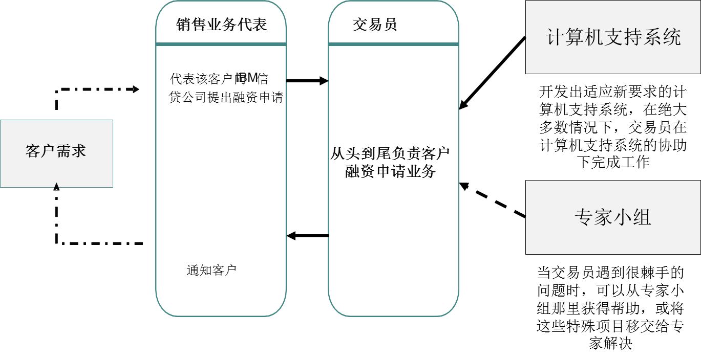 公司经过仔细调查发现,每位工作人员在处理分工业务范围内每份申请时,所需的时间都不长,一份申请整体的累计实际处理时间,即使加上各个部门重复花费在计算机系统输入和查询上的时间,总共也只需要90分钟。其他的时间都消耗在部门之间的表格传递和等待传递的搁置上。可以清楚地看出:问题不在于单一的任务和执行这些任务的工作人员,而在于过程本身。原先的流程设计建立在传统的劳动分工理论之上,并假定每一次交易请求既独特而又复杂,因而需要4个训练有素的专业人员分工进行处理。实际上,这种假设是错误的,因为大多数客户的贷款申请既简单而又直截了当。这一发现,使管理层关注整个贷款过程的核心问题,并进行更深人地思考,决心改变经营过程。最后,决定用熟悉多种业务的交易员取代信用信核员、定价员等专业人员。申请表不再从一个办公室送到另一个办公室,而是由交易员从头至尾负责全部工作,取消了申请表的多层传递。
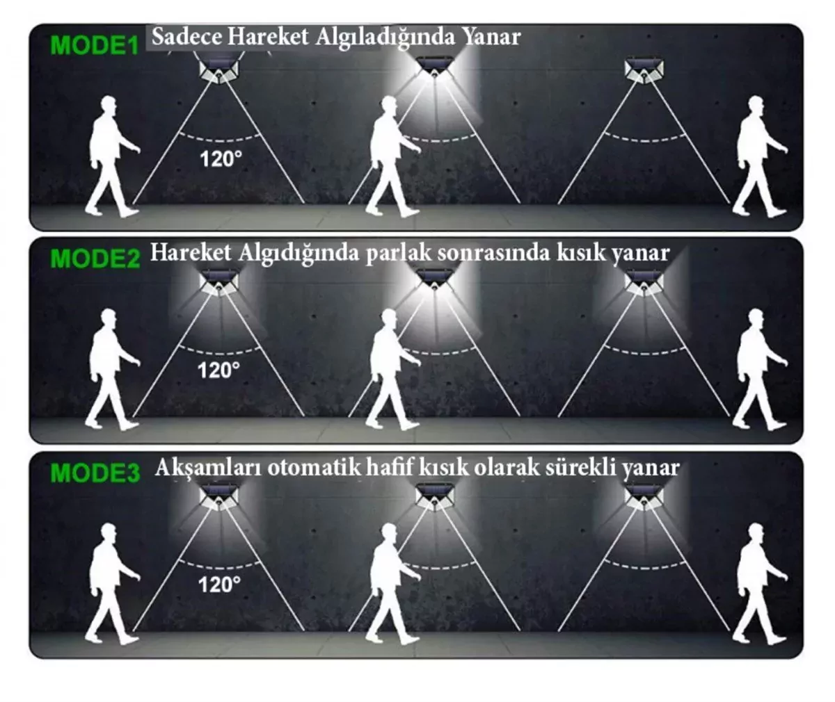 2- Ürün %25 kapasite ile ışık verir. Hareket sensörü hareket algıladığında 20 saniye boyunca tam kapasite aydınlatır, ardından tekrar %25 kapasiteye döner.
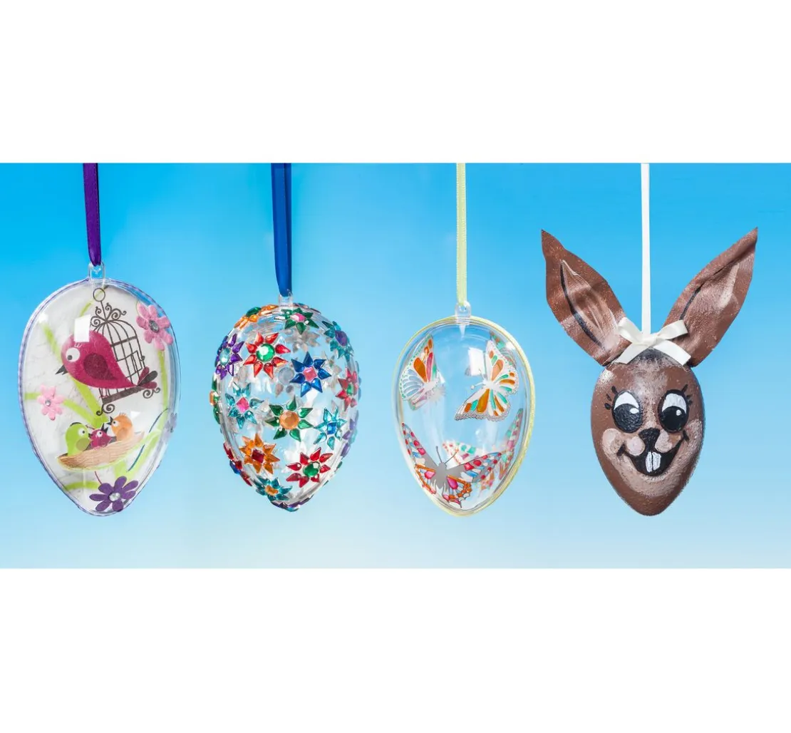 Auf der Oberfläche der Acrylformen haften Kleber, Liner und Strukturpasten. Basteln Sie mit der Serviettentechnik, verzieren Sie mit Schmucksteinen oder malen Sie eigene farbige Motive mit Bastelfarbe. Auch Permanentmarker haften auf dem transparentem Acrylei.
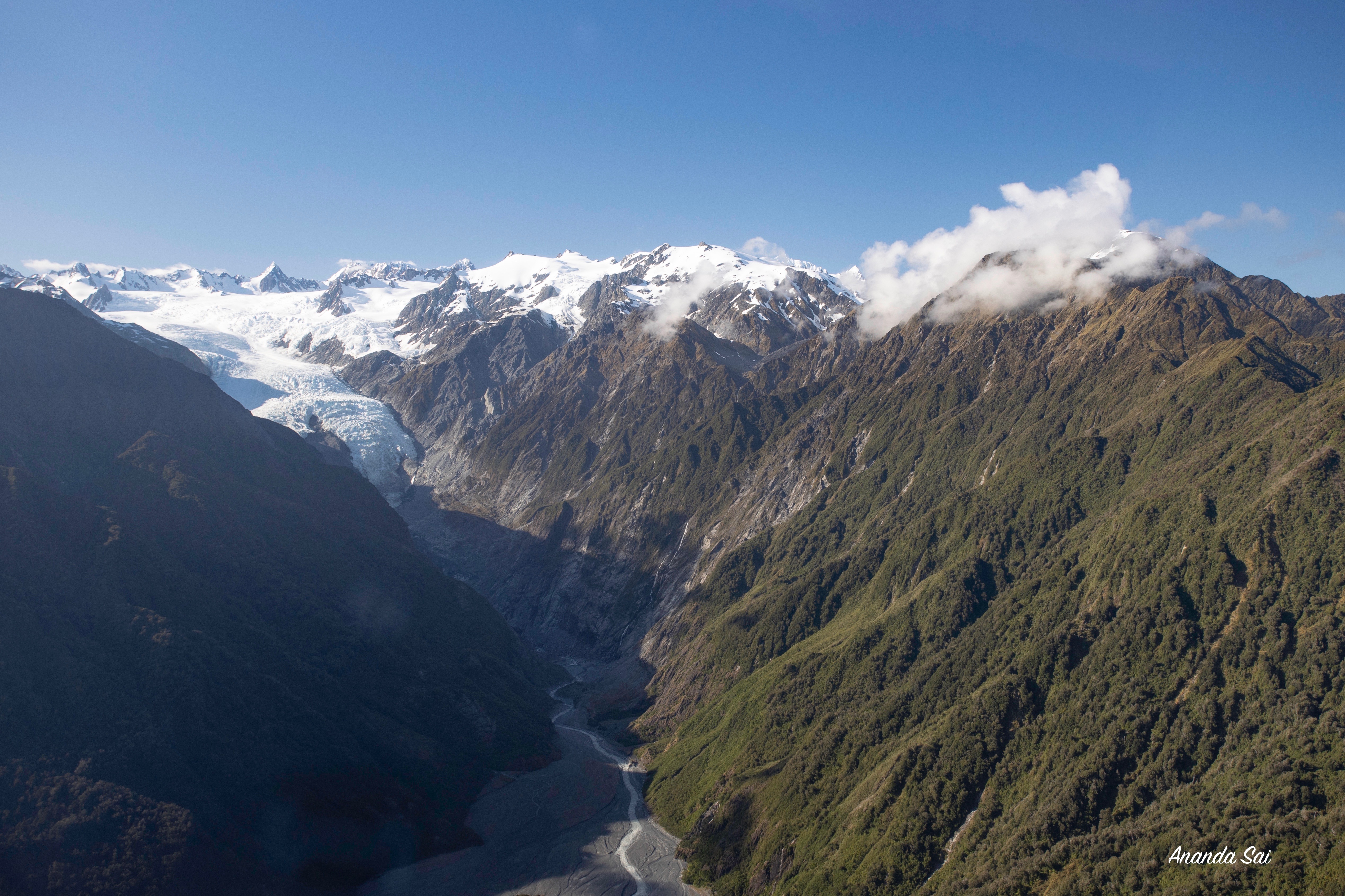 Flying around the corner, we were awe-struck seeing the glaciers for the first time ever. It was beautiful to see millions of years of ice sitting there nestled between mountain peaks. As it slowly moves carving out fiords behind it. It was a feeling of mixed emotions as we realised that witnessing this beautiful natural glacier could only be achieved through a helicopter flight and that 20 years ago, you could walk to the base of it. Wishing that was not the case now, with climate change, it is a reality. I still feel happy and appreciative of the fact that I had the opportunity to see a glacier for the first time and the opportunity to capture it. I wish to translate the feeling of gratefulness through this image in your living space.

········

■ Directions for this task: Quote the data above in full and without alteration; skip the pictures.

■ Exercise output:
 公司经过仔细调查发现,每位工作人员在处理分工业务范围内每份申请时,所需的时间都不长,一份申请整体的累计实际处理时间,即使加上各个部门重复花费在计算机系统输入和查询上的时间,总共也只需要90分钟。其他的时间都消耗在部门之间的表格传递和等待传递的搁置上。可以清楚地看出:问题不在于单一的任务和执行这些任务的工作人员,而在于过程本身。原先的流程设计建立在传统的劳动分工理论之上,并假定每一次交易请求既独特而又复杂,因而需要4个训练有素的专业人员分工进行处理。实际上,这种假设是错误的,因为大多数客户的贷款申请既简单而又直截了当。这一发现,使管理层关注整个贷款过程的核心问题,并进行更深人地思考,决心改变经营过程。最后,决定用熟悉多种业务的交易员取代信用信核员、定价员等专业人员。申请表不再从一个办公室送到另一个办公室,而是由交易员从头至尾负责全部工作,取消了申请表的多层传递。
 2- Ürün %25 kapasite ile ışık verir. Hareket sensörü hareket algıladığında 20 saniye boyunca tam kapasite aydınlatır, ardından tekrar %25 kapasiteye döner.
 Auf der Oberfläche der Acrylformen haften Kleber, Liner und Strukturpasten. Basteln Sie mit der Serviettentechnik, verzieren Sie mit Schmucksteinen oder malen Sie eigene farbige Motive mit Bastelfarbe. Auch Permanentmarker haften auf dem transparentem Acrylei.
 Flying around the corner, we were awe-struck seeing the glaciers for the first time ever. It was beautiful to see millions of years of ice sitting there nestled between mountain peaks. As it slowly moves carving out fiords behind it. It was a feeling of mixed emotions as we realised that witnessing this beautiful natural glacier could only be achieved through a helicopter flight and that 20 years ago, you could walk to the base of it. Wishing that was not the case now, with climate change, it is a reality. I still feel happy and appreciative of the fact that I had the opportunity to see a glacier for the first time and the opportunity to capture it. I wish to translate the feeling of gratefulness through this image in your living space.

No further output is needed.